Question
Using the van der Waals equation, the pressure in a 22.4 L vessel containing 1.00 mol of neon gas at 100 °C is ________ atm. ( a
= 0.211 L2-atm/mol2, b
= 0.0171 L/mol)
= 0.211 L2-atm/mol2, b
= 0.0171 L/mol)
Answers
Answered by
GPT 3.5
To calculate the pressure using the van der Waals equation, we first need to rearrange the equation to solve for pressure.

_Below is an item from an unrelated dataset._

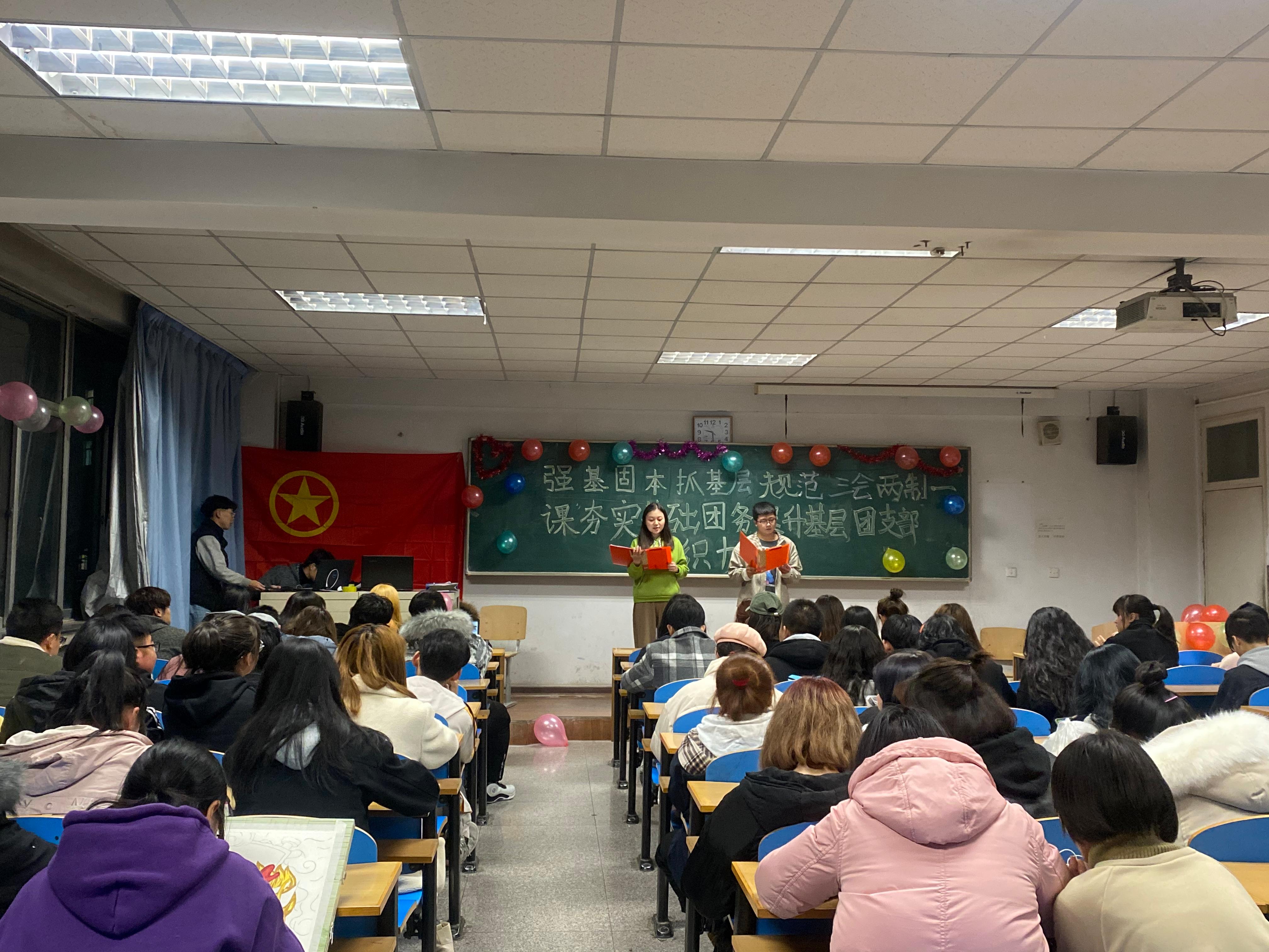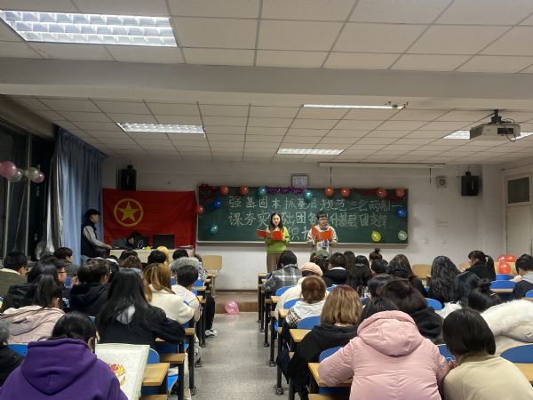 11月以来,全校各级团组织、各班级团支部结合团支部标准化规范化工作要求,认真学习《中国共产主义青年团章程》、《中国共产主义青年团支部工作条例(试行)》、《中国共产主义青年团普通高等学校基层组织工作条例(试行)》、《基层团组织规范化建设工作的实施方案》等制度条例,广泛开展‘“强基固本抓基层”——规范“三会两制一课”、夯实基础团务、提升基层团支部组织力’主题团日活动。各学院团委书记、班主任、辅导员与团员青年一起参加主题团日活动。

The van der Waals equation is:
(P + a(n/V)^2) (V - nb) = nRT
Where:
P is the pressure
a and b are van der Waals constants
n is the number of moles
V is the volume
R is the ideal gas constant
T is the temperature
Plugging in the values given:
a = 0.211 L^2-atm/mol^2
b = 0.0171 L/mol
n = 1.00 mol
V = 22.4 L
R = 0.0821 L-atm/mol-K
T = 100°C = 373 K
Now we can substitute the values into the van der Waals equation and solve for pressure:
(P + (0.211 (1.00/22.4)^2)) (22.4 - 0.0171(1.00)) = 1.00 * 0.0821 * 373
(P + 0.00437)(22.3829) = 30.6233
P + 0.0973 = 30.6233
P = 30.6233 - 0.0973
P = 30.526 atm
Therefore, the pressure in the vessel containing 1.00 mol of neon gas at 100 °C is 30.526 atm.
(P + a(n/V)^2) (V - nb) = nRT
Where:
P is the pressure
a and b are van der Waals constants
n is the number of moles
V is the volume
R is the ideal gas constant
T is the temperature
Plugging in the values given:
a = 0.211 L^2-atm/mol^2
b = 0.0171 L/mol
n = 1.00 mol
V = 22.4 L
R = 0.0821 L-atm/mol-K
T = 100°C = 373 K
Now we can substitute the values into the van der Waals equation and solve for pressure:
(P + (0.211 (1.00/22.4)^2)) (22.4 - 0.0171(1.00)) = 1.00 * 0.0821 * 373
(P + 0.00437)(22.3829) = 30.6233
P + 0.0973 = 30.6233
P = 30.6233 - 0.0973
P = 30.526 atm
Therefore, the pressure in the vessel containing 1.00 mol of neon gas at 100 °C is 30.526 atm.